WHAT THE TASK REQUIRES -> Produce a word-for-word copy of the lines from the one that contains "四隻虎蝦肥美肉厚, 入口爽彈, 奶油質地不是杰身, 但奶油味濃郁帶微辣, 配上手抓餅用作沾點奶油汁, 吃盡奶油嘅精華, 回味!" to the final line of the data below, with all pictures dropped.

DATASET EXTRACT ->
Start of Block
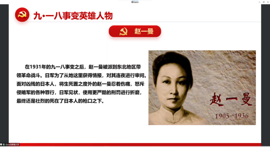 龚玲苇首先为大家介绍了九一八事变的历史背景,详细讲述了九一八事变的过程。九一八事变最终结果是东北全境沦陷,此后,日本在中国东北建立了伪满洲国傀儡政权,开始了对东北人民长达14年之久的奴役和殖民统治,使东北3000多万同胞饱受亡国奴的痛苦滋味。看着同胞们饱受苦难,祖国一点点沦陷,一个个保家卫国的抗日英雄挺身而出,为国捐躯。随后龚玲苇为大家详细讲解了张占元、赵一曼等历史英雄宁死不屈、身先士卒的伟大精神。
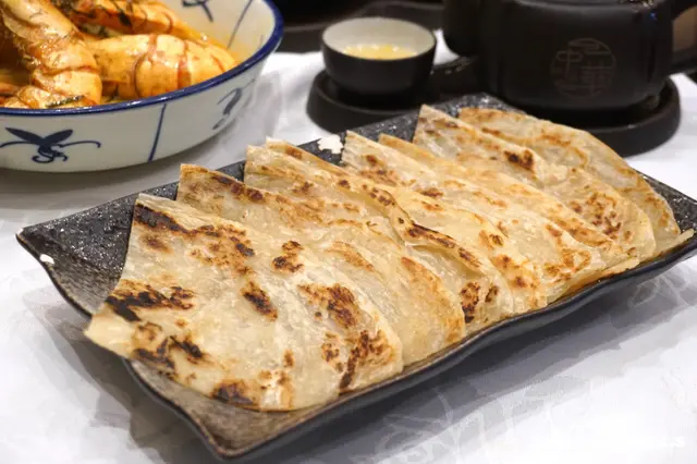 四隻虎蝦肥美肉厚, 入口爽彈, 奶油質地不是杰身, 但奶油味濃郁帶微辣, 配上手抓餅用作沾點奶油汁, 吃盡奶油嘅精華, 回味!
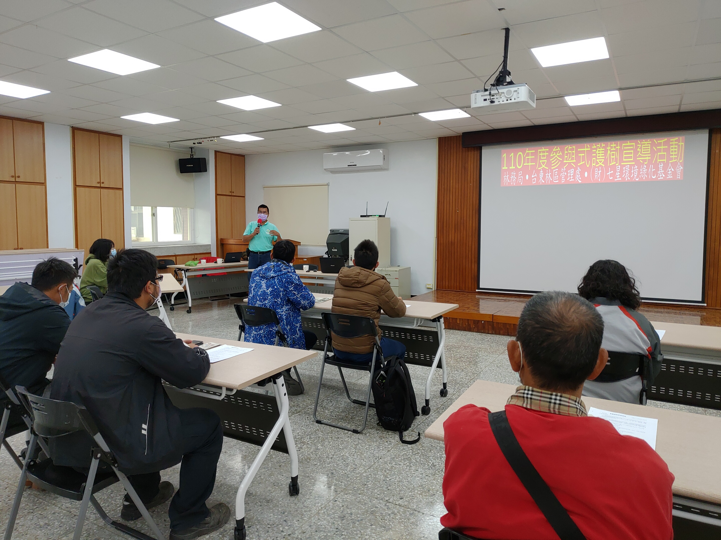 臺東林管處為宣導樹木養護工作之重要性,學習國內外專業技術與科技儀器並提升轄區內機關學校相關業務同仁之相關職能,於11月23日辦理「參與式樹木保護宣導活動」,邀請臺東縣政府與臺東市區各級學校共同參與,並由財團法人七星環境綠化基金會技術組游象君組長帶領專業團隊為學員們講解及示範,最後藉由實際操作,使參與學員們能夠熟悉並掌握護樹要訣,相互印證與加深課程所學,以提昇相關場域之維護專業度,進而促進樹木健康與景觀優化、環境安全等目標。
End of Block
SOLUTION ->
 四隻虎蝦肥美肉厚, 入口爽彈, 奶油質地不是杰身, 但奶油味濃郁帶微辣, 配上手抓餅用作沾點奶油汁, 吃盡奶油嘅精華, 回味!
 臺東林管處為宣導樹木養護工作之重要性,學習國內外專業技術與科技儀器並提升轄區內機關學校相關業務同仁之相關職能,於11月23日辦理「參與式樹木保護宣導活動」,邀請臺東縣政府與臺東市區各級學校共同參與,並由財團法人七星環境綠化基金會技術組游象君組長帶領專業團隊為學員們講解及示範,最後藉由實際操作,使參與學員們能夠熟悉並掌握護樹要訣,相互印證與加深課程所學,以提昇相關場域之維護專業度,進而促進樹木健康與景觀優化、環境安全等目標。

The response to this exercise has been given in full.